My teacher has told me about the Fundamental Theorem of Algebra, but I can't seem to find any proofs on it which I can understand. For something so important I'm hoping to find a proof that a highschool student can understand.
References are welcome too, thanks!
On
Here's a proof that I've always liked.
Suppose $\forall z : P(z)\neq 0$ Let $$f(z) := |P(z)|$$ Then $f(z)$ is larger than some number $m>0$ and attains its minimum $m$ on some point $z_0$ (which must be finite because $P(z)$ goes to $\infty$ as $z$ goes to $\infty$)
Let $$Q(z):= P(z-z_0)$$ We have $Q(0) = a$ s.t $|a| = m$ and $|Q(z)|\geq m$
Then $$Q(z) = a+ \sum_1^n a_k z^k \underset{z\to 0}{=} a + a_p z^p + o(z^p)$$ Where $p$ is the first number for which $a_p\neq 0$
So $$|Q(z)| \underset{z\to 0}{=} |a+a_pz^p| + o(z^p)$$
If we choose $a_p z^p = aw^p$ ,i.e $z = \left(\frac{a}{a_p}\right)^{1/p}w$,
we get $$Q(z) \underset{w\to 0}{=} |a||1+w^p| + o(w^p) = m|1+w^p| + o(w^p)$$
So if we take $w = (-t)^{1/p}$ s.t $t$ is a positive real number.
$$Q(z) \underset{t\to 0}{=} m|1-t| + o(t) = m(1-t) + o(t) $$
Which is strictly smaller than $m$ for small enough $t$.
On
Here is a proof that mimics the proof of the maximum modulus principle.
Let $P$ be the polynomial and $f(x) = |P(x)|$. We know that $f: \mathbb{C} \to \mathbb{R}^+$ so it has a minimum. Assume for contradiction that this minimum is at $z$ where $P(z)\ne 0$
Recall the taylor series expansion $P(z+\epsilon) = P(z) + P'(z)\epsilon + P''(z)\epsilon^2 / 2 + \cdots + P^{(m)}(z) \epsilon^m / m! + \cdots$
Let $t$ be the smallest positive integer such that $P^{(t)}(z) \ne 0$. Then picking $|\epsilon| < 999^{-1000t}$ and $\frac{\epsilon^t P^{(t)}(z)}{P(z)}\in \mathbb{R}^-$ yields $$|P(z+\epsilon)| \le P(z) (1-|\frac{\epsilon^t P^{(t)}(z)}{P(z)t!}|) + \sum\limits_{j=t+1}^{\deg P} |\epsilon^{j} P^{j}(z) / j!|$$
By triangular inequality.
Picking $|\epsilon|$ sufficiently small gives $|P(z+\epsilon)| < |P(z)|$, contradicting $|P(z)|$'s minimality
There is one intuitive proof for this theorem. Let $p(z)=\sum_{i=0}^na_iz^i$ where $a_i\in \mathbb{C}$. We need to show that $p$ has a zero in $\mathbb{C}$. Take a very large real number $R$ and consider the circle $|z|=R$ in $\mathbb{C}$. Since $R$ is large, plugging these $z$ into $p$, we have that $p(z)$ is some very large contour that is somewhat centered at $0$. (Since $R$ is large, the contribution of $a_n z^n$ dominates, so $p(z)\sim a_nz^n$). Similarly, consider the circle $|z|=r$ for some real number $r$ close to zero, then $p(z)\sim a_0$, hence $p(z)$ is some small contour near $a_0$.

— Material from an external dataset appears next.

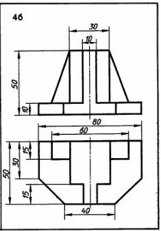 По двум видам модели построить третий вид и изометрию. Проставить размеры.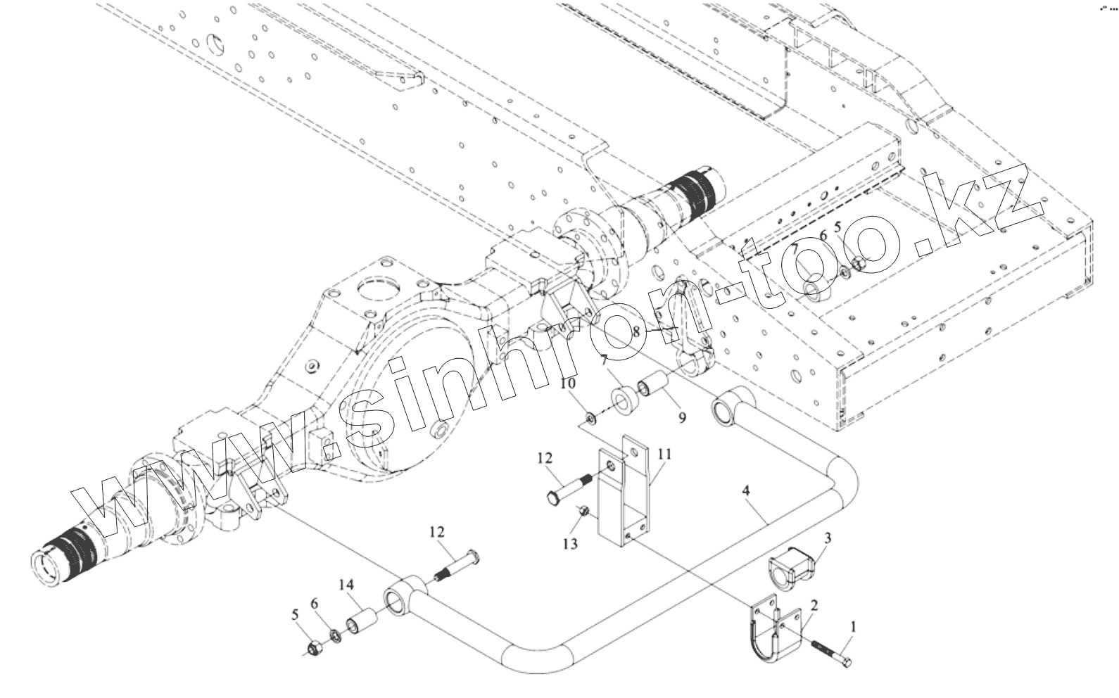 Каталог запасных частей к технике: Shaanxi Shacman SX3255DR385. REAR STABILIZER ASSY (DC93259680110)

When we let $r$ vary from very small to very large, then we get growing contours in $\mathbb{C}$ whose centers vary from $a_0$ to $0$. At some point some contour must go through the origin.
One can make an argument like this precise, however it is very difficult to do so.